The implications extend beyond philological editing to any domain where the difference between fluent-and-plausible and correct is consequential. Legal document analysis, archival transcription, clinical terminology review, technical standards editing — in each of these domains, an LLM that produces confident, well-structured, wrong output does not assist the expert. It misleads them. The constraint architecture documented here provides a replicable methodology for identifying domain-specific failure modes and designing targeted interventions wherever the cost of semantic smoothing exceeds the benefit of generative fluency.

The SME Override Protocol demonstrates that this architecture has a ceiling, and that the ceiling is precisely the right one.

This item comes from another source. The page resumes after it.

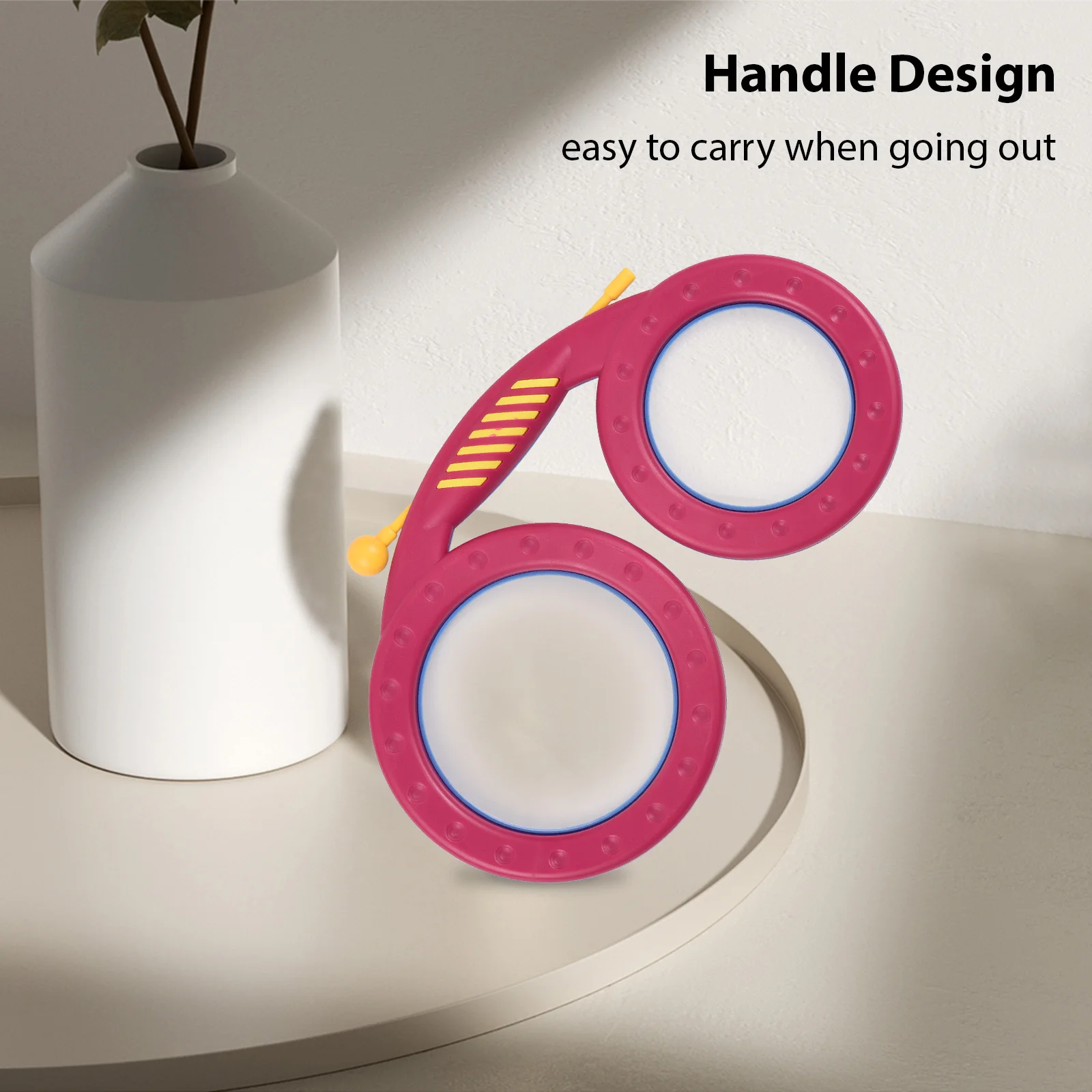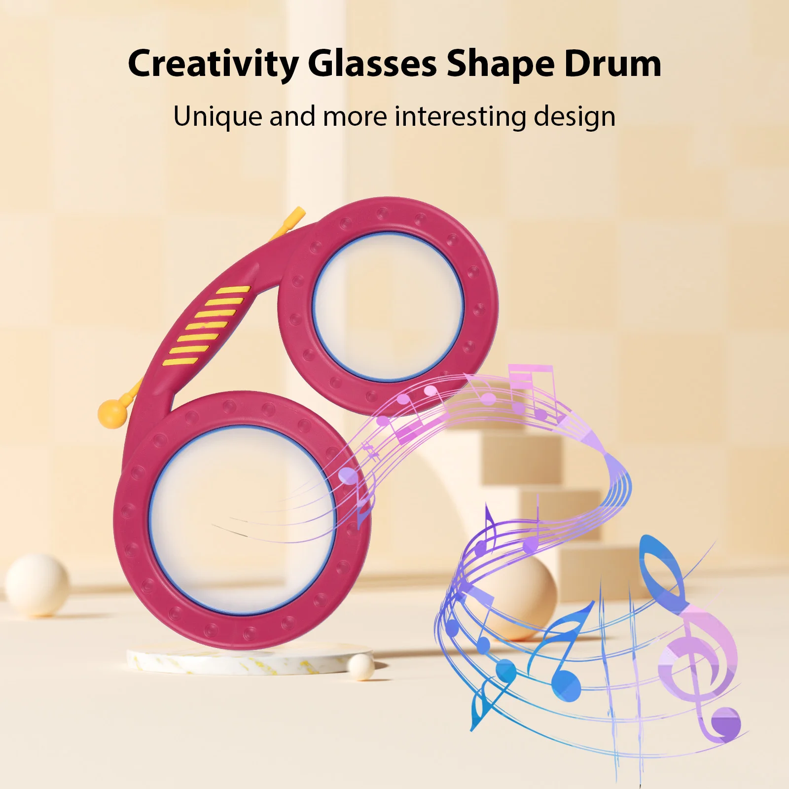 【Diseño exquisito】: El tambor está diseñado en forma de gafas, lo que agrega un toque de creatividad y novedad a su colección de instrumentos de percusión.

The system can be made mechanically rigorous within the domain defined by its constraints. It cannot be made to understand the document it is editing. That understanding belongs to the domain expert who designed the constraints, reviews the diagnostic map, and holds the conceptual model against which every editorial decision must ultimately be evaluated. The Lead Surgeon does not merely supervise the instrument. The Lead Surgeon is the condition of possibility for the instrument’s correct use.